((
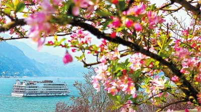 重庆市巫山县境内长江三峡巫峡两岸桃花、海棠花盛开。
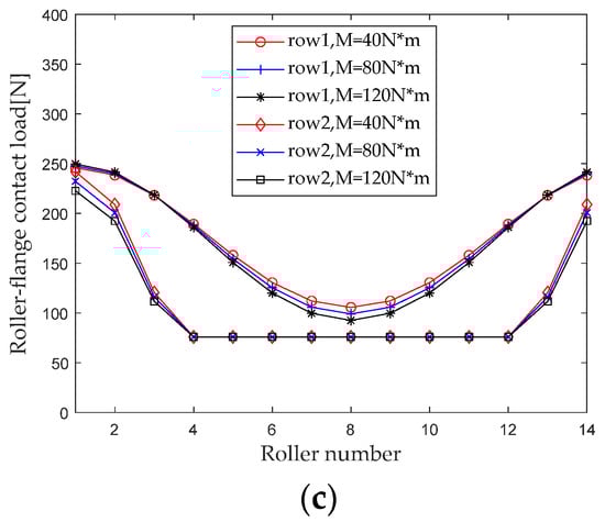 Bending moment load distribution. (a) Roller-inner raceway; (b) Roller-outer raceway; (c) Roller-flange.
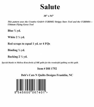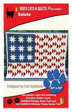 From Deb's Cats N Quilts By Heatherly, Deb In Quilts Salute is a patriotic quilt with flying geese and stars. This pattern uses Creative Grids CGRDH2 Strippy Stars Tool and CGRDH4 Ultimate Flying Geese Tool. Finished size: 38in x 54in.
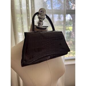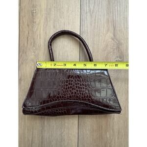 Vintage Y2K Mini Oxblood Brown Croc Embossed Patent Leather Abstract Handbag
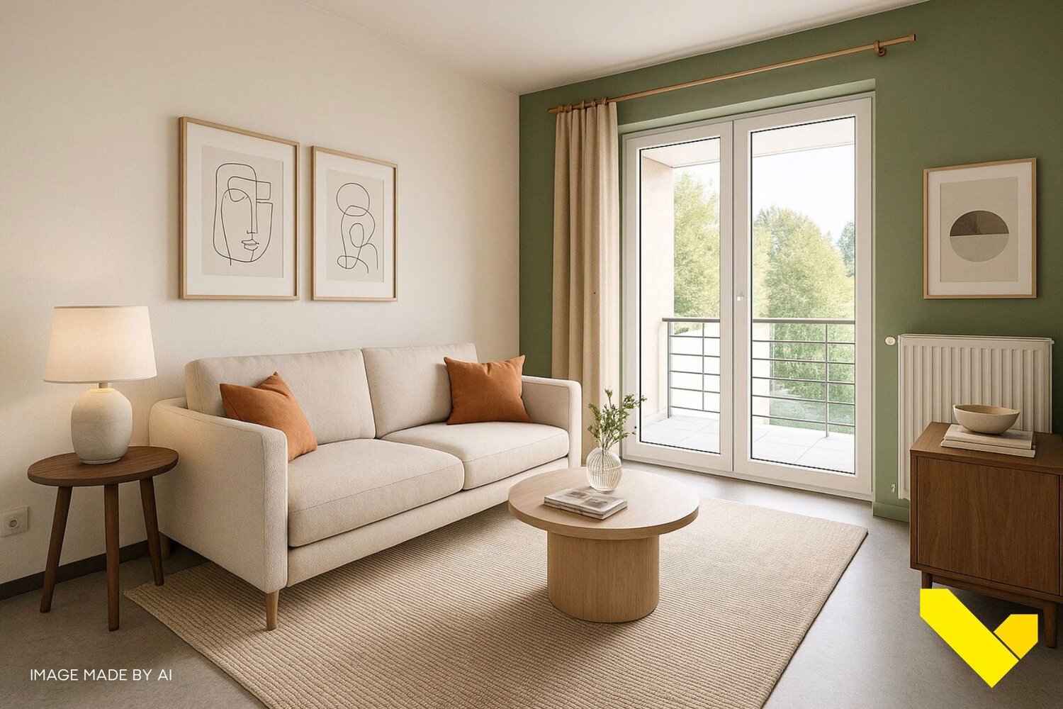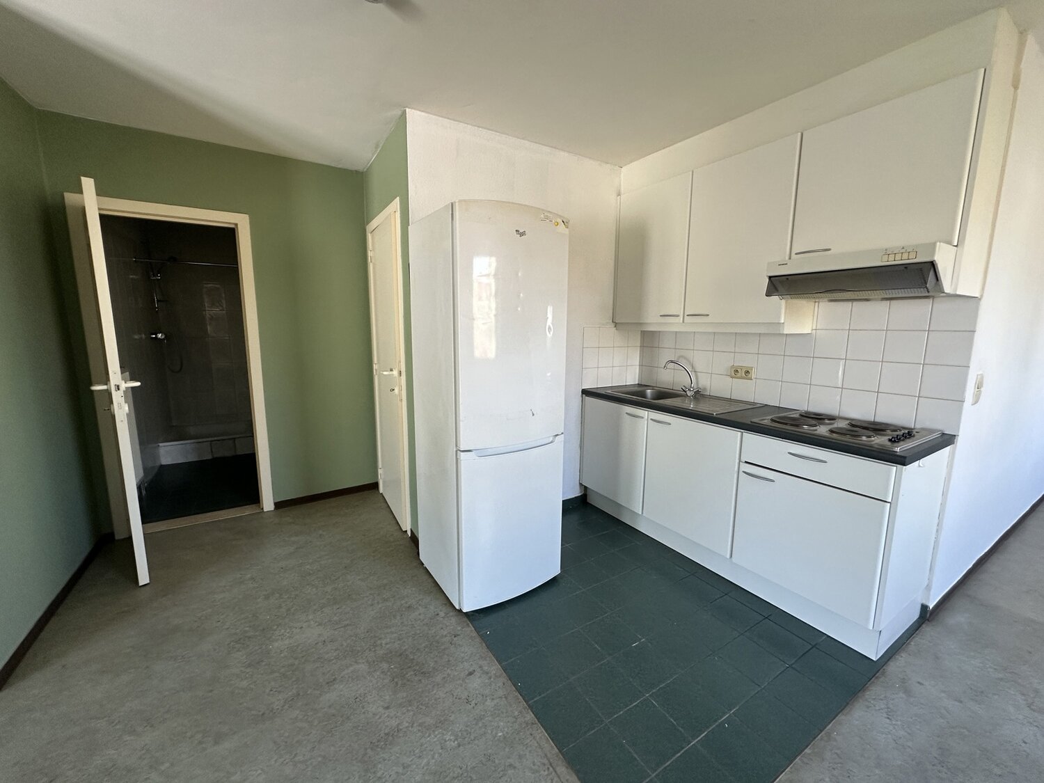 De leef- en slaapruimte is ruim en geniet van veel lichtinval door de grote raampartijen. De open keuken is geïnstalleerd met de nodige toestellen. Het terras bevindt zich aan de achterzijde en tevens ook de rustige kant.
))
> _The task_:
Exclude every image and return the material above exactly.

> _Exercise output_:
 重庆市巫山县境内长江三峡巫峡两岸桃花、海棠花盛开。
 Bending moment load distribution. (a) Roller-inner raceway; (b) Roller-outer raceway; (c) Roller-flange.
 From Deb's Cats N Quilts By Heatherly, Deb In Quilts Salute is a patriotic quilt with flying geese and stars. This pattern uses Creative Grids CGRDH2 Strippy Stars Tool and CGRDH4 Ultimate Flying Geese Tool. Finished size: 38in x 54in.
 Vintage Y2K Mini Oxblood Brown Croc Embossed Patent Leather Abstract Handbag
 De leef- en slaapruimte is ruim en geniet van veel lichtinval door de grote raampartijen. De open keuken is geïnstalleerd met de nodige toestellen. Het terras bevindt zich aan de achterzijde en tevens ook de rustige kant.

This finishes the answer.